## Task details
Could you write out the listing below exactly as it stands, leaving out the pictures?

## Data block
=== Begin Enclosure ===
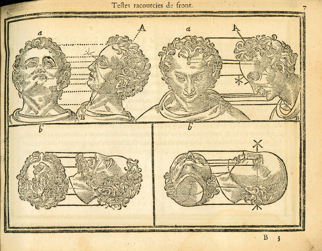 This diagram illustrates the proportions of the human head using different angles and rotations of the head. Plate 3 from La Vraye Science de la Pourtraicture Descrite & DemonstrÚe by Jean Cousin (Paris, Francois Demasso, 1663). Inscribed: 'Tetes racourcies de front. 7.'
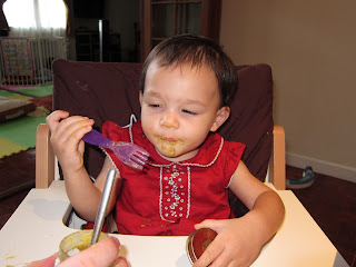 The mess she makes is unbelievable, so much so that I feed her with only her diaper on every morning after her shower. There are days when I realised that I have splotches of dried baby food sneaking up on my clothes or my hair or my eyebrow after being in the office for a few hours!
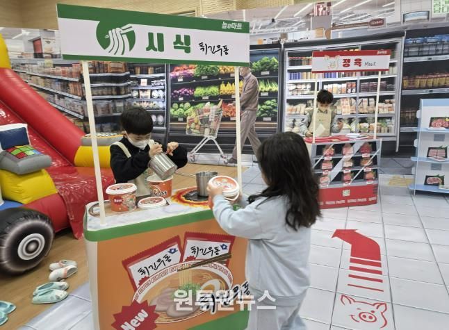 이날 유치원 강당은 계산대와 화폐, 과일·채소·과자·생필품 등 다양한 물품이 갖춰진 마트 공간으로 꾸며져 실제 생활과 유사한 환경을 조성했다. 유아들은 손님과 주인 역할을 나누어 물건을 고르고 값을 지불하는 과정을 경험하며 놀이에 몰입했다.
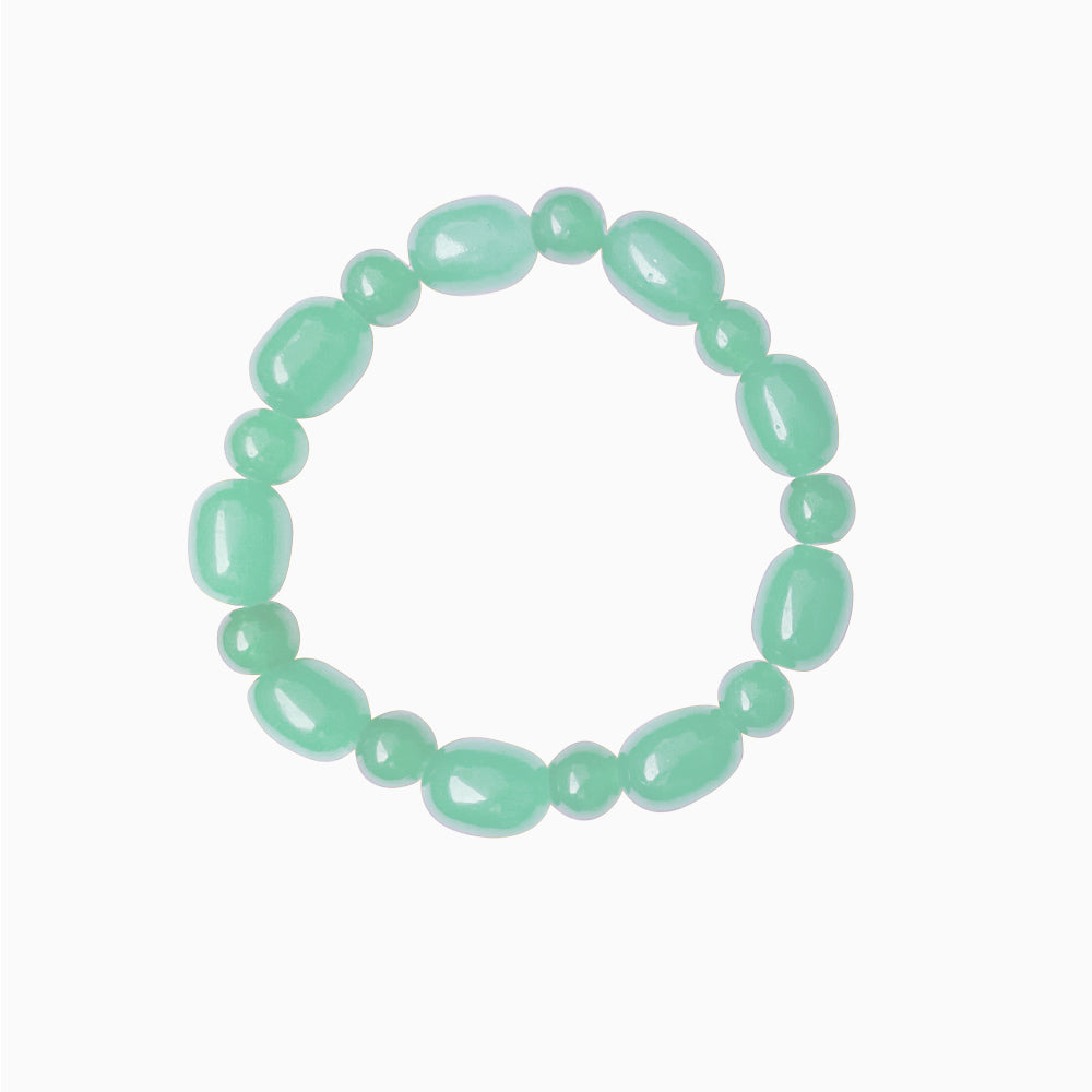 Speelse kralen armband in een trendy mint groene kleur. De armband is gemaakt van resin, wat zorgt voor een lichte, comfortabele pasvorm en een luxe uitstraling. Perfect om solo te dragen of te combineren met andere armbanden voor een speelse en modieuze look.
=== End Enclosure ===
## Final answer
 This diagram illustrates the proportions of the human head using different angles and rotations of the head. Plate 3 from La Vraye Science de la Pourtraicture Descrite & DemonstrÚe by Jean Cousin (Paris, Francois Demasso, 1663). Inscribed: 'Tetes racourcies de front. 7.'
 The mess she makes is unbelievable, so much so that I feed her with only her diaper on every morning after her shower. There are days when I realised that I have splotches of dried baby food sneaking up on my clothes or my hair or my eyebrow after being in the office for a few hours!
 이날 유치원 강당은 계산대와 화폐, 과일·채소·과자·생필품 등 다양한 물품이 갖춰진 마트 공간으로 꾸며져 실제 생활과 유사한 환경을 조성했다. 유아들은 손님과 주인 역할을 나누어 물건을 고르고 값을 지불하는 과정을 경험하며 놀이에 몰입했다.
 Speelse kralen armband in een trendy mint groene kleur. De armband is gemaakt van resin, wat zorgt voor een lichte, comfortabele pasvorm en een luxe uitstraling. Perfect om solo te dragen of te combineren met andere armbanden voor een speelse en modieuze look.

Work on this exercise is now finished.